W. H. Heydt
Posts: 13609
Joined: Fri Mar 09, 2012 7:36 pm
Location: Vallejo, CA (US)

Re: RAM speed

Thu Oct 08, 2020 3:34 pm

bullen wrote:
Thu Oct 08, 2020 2:28 pm
Sorry to wake this one up, but latency of memory is going up with DDR5 (apparently DDR3 was faster than DDR4 too) so I found this page:

https://en.wikipedia.org/wiki/CAS_latency
Even while CAS latency increases, that basic clock speed also increases, so it's pretty much a wash. Takes longer to get a response from the DRAM module, but once you do, you get the data back faster.
I think my initial hunch about SRAM was right?
Nope. Still wrong for the reasons given. SRAM is far to expensive to use as main memory.
We need faster RAM, if not the raspberry 4 is peak CPU at 1 Gflops/watt, for ever, in the universe!?
There is another way to increase memory bandwidth. Fetch more data at one time. This is what add-in GPU cards (nVidia, Radeon) do. Anything up to 512 bits per fetch.

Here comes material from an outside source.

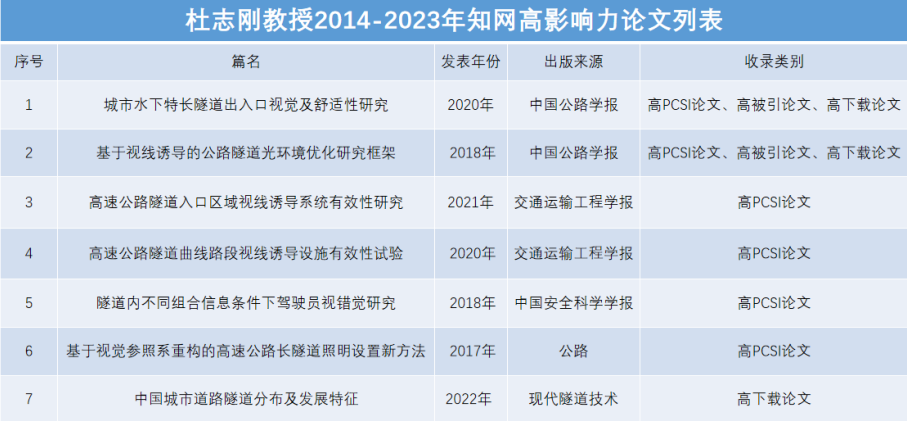 此次评选由中国知网“学术精要”数据库依据2014-2023年间学者发表论文的影响力指数进行评选。高影响力学者遴选范围为近十年发表至少一篇PCSI指数高于1.65期刊或会议论文的学者。而且,近十年发表期刊会议论文的PCSI指数之和位于上述学者的前1%,并满足以下条件:(1)仅统计PCSI指数大于1.65的论文;(2)至少发表1篇高影响力论文;(3)至少发表5篇PCSI指数大于1.65的论文。杜志刚教授2014-2023年知网高影响力论文(第一作者、通讯作者)如下表。

It is, coincidentally, what IBM did with mainframes in the 1960s. A 360/30 would fetch 1 byte in 1.5microseconds (us). A 360/40 had slower memory, 2us cycle time, but it would fetch 2 bytes at a time. The 360/50 had that same 2us cycle, but it fetched 4 bytes. IIRC, the top systems fetched 8 bytes at a time, still with a 2us clock speed.
Is the memory in the raspberry 4 3200MHz or 1600MHz? Or is it 1600, but at double rate?
IIRC, DDC4 (and possible DDR2 and DDR3) transmit data 4 times during a single clock cycle. The original DDR did it twice: Once on the rising edge of the clock and once on the falling edge.
Is there a way to measure CAS latency?
There certainly is. The manufacturers have to test their DRAM chips to make sure they are within specification, so they'd have to be able to test that. Doesn't mean there is a practical method to do so by an end user when it's installed in a PC. All you can do there is try tweaking the CAS (and other parameters) to see what you can get away with. However, the Pi does not have a means to do that.
What nm process is the RAM?
Read the manufacturer and part number off the package on a Pi4B and then look for the specification sheet for that part. That *might* tell you what the manufacturing process node is.

bullen
Posts: 398
Joined: Sun Apr 28, 2013 2:52 pm

Re: RAM speed

Thu Oct 08, 2020 3:40 pm

I think most people don't understand the difference between latency and bandwidth.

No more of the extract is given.